Surprisingly India has more of its citizens dying while snapping than any other country in the world. To combat the problem, Mumbai has created “no-selfie zones”.
Last week SANParks went public over the chaos caused by cellphone apps that track wildlife sightings in Kruger resulting in road rage, road kills and speeding as tourist rush to viewing spots. Perhaps the park should follow Mumbai’s example and restrict selfies to zones within the camp site and use of cellphones on game drives only in emergencies. It would cause a hullabaloo but in the National Parks wildlife is Number 1.

Cats are cattish
Until this week I’d no idea that cats, like dogs, sometimes bite the hand that feeds them. I learnt this from a patient in Constantiaberg
whose cat had bitten him right through his wrist while he was trying to release it from the cat
flap.
The puncture marks made by the sharp teeth had closed over quickly but the wound went sceptic, requiring it to be drained and cleaned in hospital.

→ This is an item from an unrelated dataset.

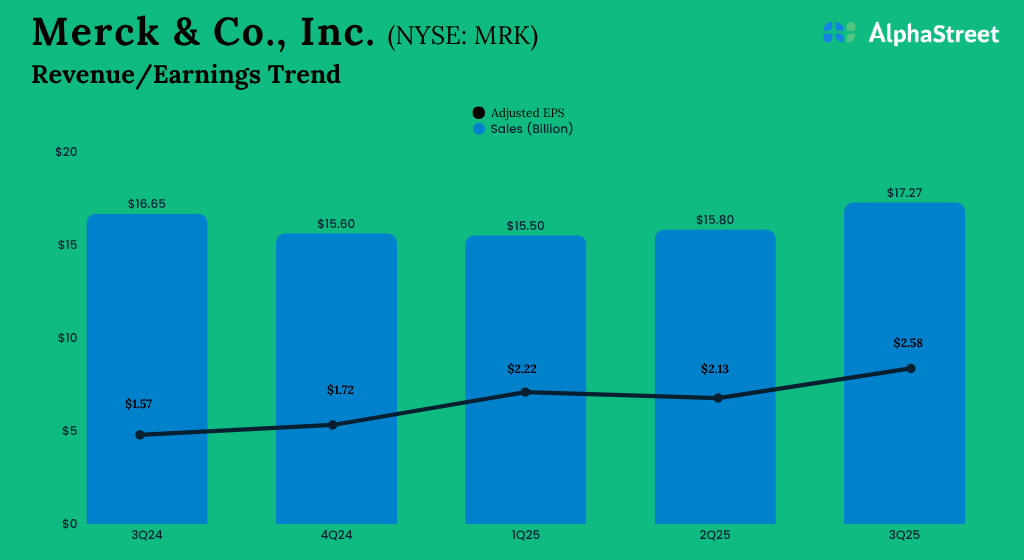 Merck & Co., Inc. (NYSE: MRK) reported its third quarter 2025 earnings results today.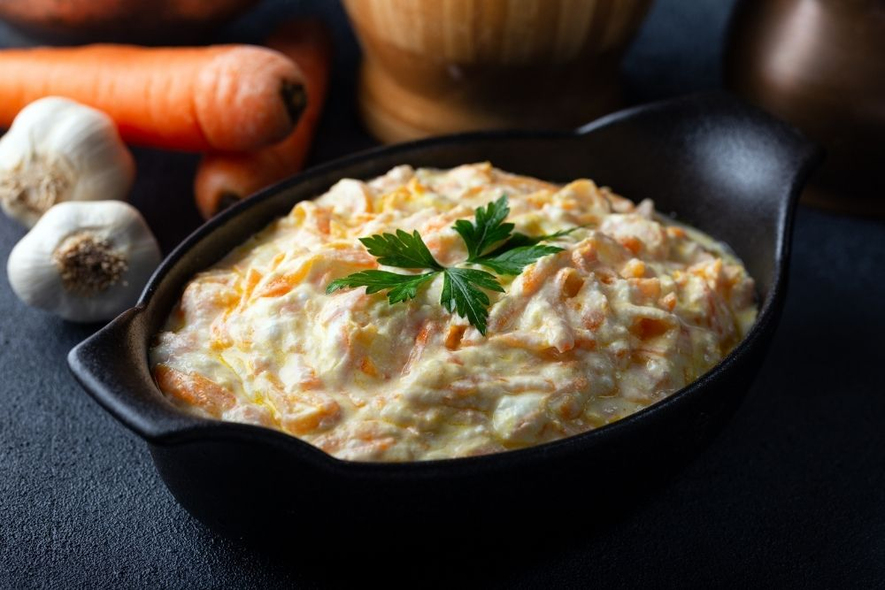- Geniş bir kabın içine soğuttunuz havuçları dökün ve üzerine yoğurt, süzme yoğurt, mayonez, sarımsak/sarımsak tozu, 1 yemek kaşığı zeytinyağ ve tuzu ekleyin.

His doctor had explained that cats carry bacteria
in their mouths, essentially injecting these bacteria deep into the
wound.
A similar type of injury occurs with cat scratches. Depending on the location and depth of the wound, the bacteria can spread in the surrounding tissues causing a condition called cellulitis.
I haven’t owned a cat for years. My last was killed by the bull terrier that had grown up with the cat but their increasingly rough games depended on her being able to jump from the kitchen table to the top of the fridge. When she slipped and fell that was the end of her and my cat owning days.
This past week I’ve heard of four other cases of owners being bitten by their own cats. Makes me relieved I did not attempt to pick up the frightened cat of our neighbour which had been cornered in our garden by Mitch and Skolly. Once I’d got the dogs inside I planned to carry the cat home but as I approached her she made those weird warning noises which clearly said “Leave Me Alone….”
So I did.
Get some cannas
Anyone interested in some of my Ladies’ Mile cannas? If so let me know by email and I’ll make a plan to get some of these wonderful salmon-coloured cannas to you as I’ve a lot left over after digging up and dividing a bed of them. I first acquired a clump some years ago from the City council gardeners who used to plant long beds of eye-catching cannas on both sides of Ladies’ Mile.
Last time I dug them up I also offered the excess to readers and had good responses.
If you have a sunny spot, borehole water and are prepared to feed and deadhead them regularly, they will flower from about October/November to April.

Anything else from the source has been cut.